Seaking Posted August 10, 2014 Author #5 Posted August 10, 2014 Any chance during the looking for spark checks that perhaps one or more spark plug caps were not seated back onto spark plugs? Thanks Neil.. That did cross my mind.. it also occured me to me that I did change spark plugs but honestly can't remember if it was before or after this last stint.. (so many parts, so little memory).. I'll check those tomorrow and hopefully find something.. Apart from burning more fuel letting it idle at 1500 rpm, is there any other harm that can come to the bike by leaving it as is for the time being until a fix is found? It runs great while riding, lots of power, no backfire or anything amiss other than the idle issue..
djh3 Posted August 10, 2014 #6 Posted August 10, 2014 One thing I can think of is you may have what we use to call "dieseling" or "run on" after you turn the engine off. Because the RPM are high and of course drawing more fuel it will want to run after the key is off. It will stop, but it just has a clunky pingy sound momentarily.

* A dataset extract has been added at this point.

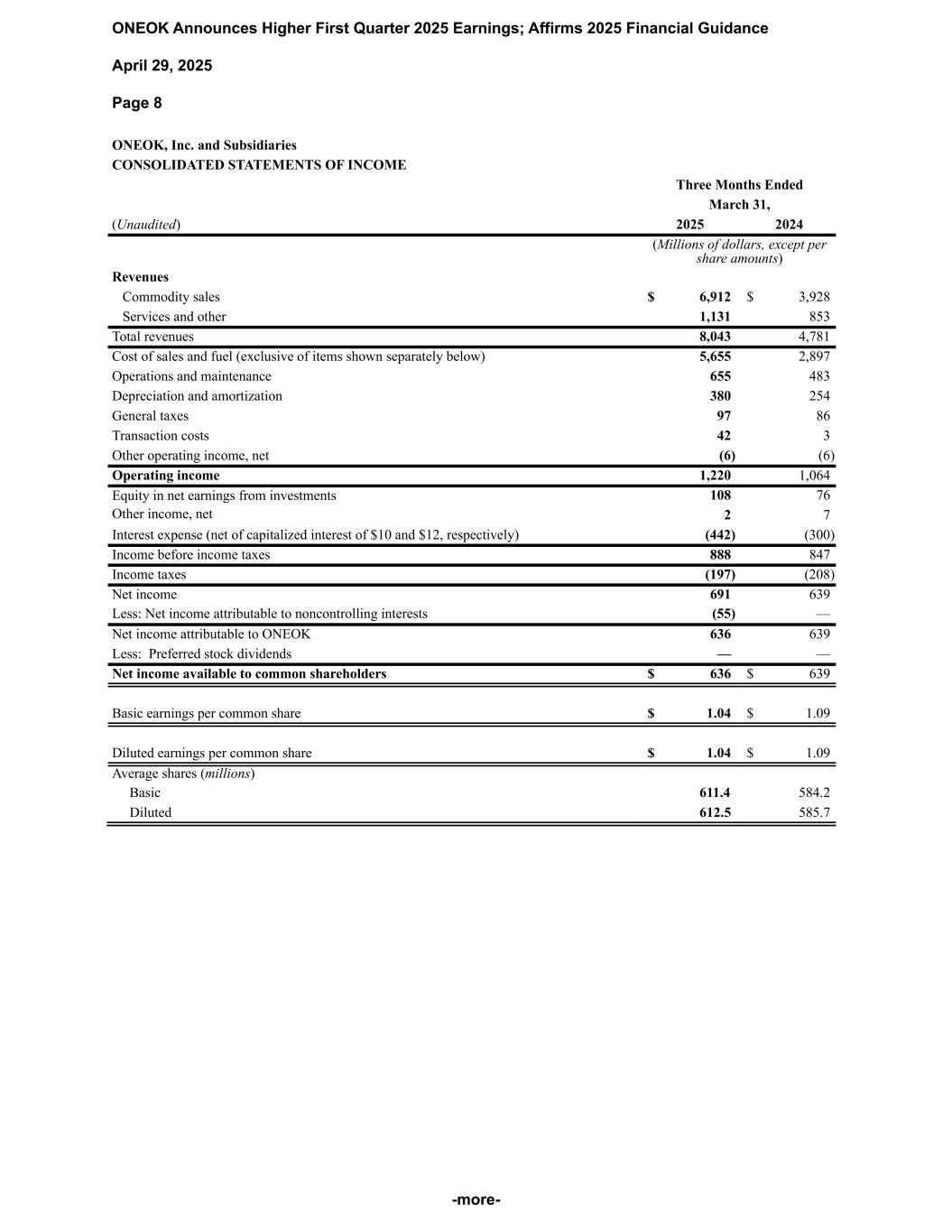 ONEOK Announces Higher First Quarter 2025 Earnings; Affirms 2025 Financial Guidance April 29, 2025 Page 8 -more- ONEOK, Inc. and Subsidiaries CONSOLIDATED STATEMENTS OF INCOME Three Months Ended March 31, (Unaudited) 2025 2024 (Millions of dollars, except per share amounts) Revenues Commodity sales $ 6,912 $ 3,928 Services and other 1,131 853 Total revenues 8,043 4,781 Cost of sales and fuel (exclusive of items shown separately below) 5,655 2,897 Operations and maintenance 655 483 Depreciation and amortization 380 254 General taxes 97 86 Transaction costs 42 3 Other operating income, net (6) (6) Operating income 1,220 1,064 Equity in net earnings from investments 108 76 Other income, net 2 7 Interest expense (net of capitalized interest of $10 and $12, respectively) (442) (300) Income before income taxes 888 847 Income taxes (197) (208) Net income 691 639 Less: Net income attributable to noncontrolling interests (55) — Net income attributable to ONEOK 636 639 Less: Preferred stock dividends — — Net income available to common shareholders $ 636 $ 639 Basic earnings per common share $ 1.04 $ 1.09 Diluted earnings per common share $ 1.04 $ 1.09 Average shares (millions) Basic 611.4 584.2 Diluted 612.5 585.7

Neil86 Posted August 10, 2014 #7 Posted August 10, 2014 (edited) If you are still running the Dyna igniter....any chance the setting switch was disturbed...I know a few have had grief with erratic operation using Dyna...thinking maybe it got disturbed somehow...never messed with one, understand some use dip switches to select modes. Any diagnostic codes showing on the Dyna? Edited August 10, 2014 by Neil86
Seaking Posted August 10, 2014 Author #8 Posted August 10, 2014 Thanks Neil, I had a look at the Dyna before putting it back in to make sure I had the same settings, it's set on curve 3 as before. I have the OEM igniter unit and tried putting it back but for the life of me can't get it to fit in.. Its a bit larger than the Dyna and for all intended purposes, acts like the cables are way too short to slide down and onto the two studs.. I'll be taking the bike apart again this afternoon and may swap it out and manage somehow to jumper the battery to the leads on the bike since there's no room for the battery in the box with the OEM igniter unit not properly installed.. I had the bike out this morning and it started right away on the first go of the starter button, but wouldn't hold a low idle.. if I keep the idle up at 1500, it will idle fine.. sometimes dip to 1000, but won't die.. set it any lower than 1500 and the bike will idle fine for a bit and then falter... and die if not attended to.. Other than that, wow does the bike perform well while riding.. it's just that grrr idle issue causing the remaining grief.. I'll let you know how it goes. Thanks again
Neil86 Posted August 11, 2014 #9 Posted August 11, 2014 Does the model of Dyna you run have any diagnostic lights?
Seaking Posted August 11, 2014 Author #10 Posted August 11, 2014 Does the model of Dyna you run have any diagnostic lights? It just has a red light to tell you when it's on.. I swapped out to the OEM ingniter box and the problem persists. New spark plugs, same story.. Can't find if there is a vacuum leak or intake leak with use of propane around the boots etc. Starting to think that something got into the carb causing an issue with the idle circuit. I had the fuel lines at the pump and carb body off to check for obstructions and its possible that dirt got in the system.. Though the bike will idle fine at 1500 rpm, its still ridable, starts ok.. awesome running. When I have the time I'll have to pull the carbs out and give them a proper cleaning.. or it will clean itself out with some Seafoam for the rest of the summer.. Impressive how well the bike runs on the highway and back roads.. smooth engine, lots of power.. no popping or backfires.. just smooth power.. its only at idle that there is a problem.. I'll give the carbs another synch tomorrow, see if it's displaced at all since the other day..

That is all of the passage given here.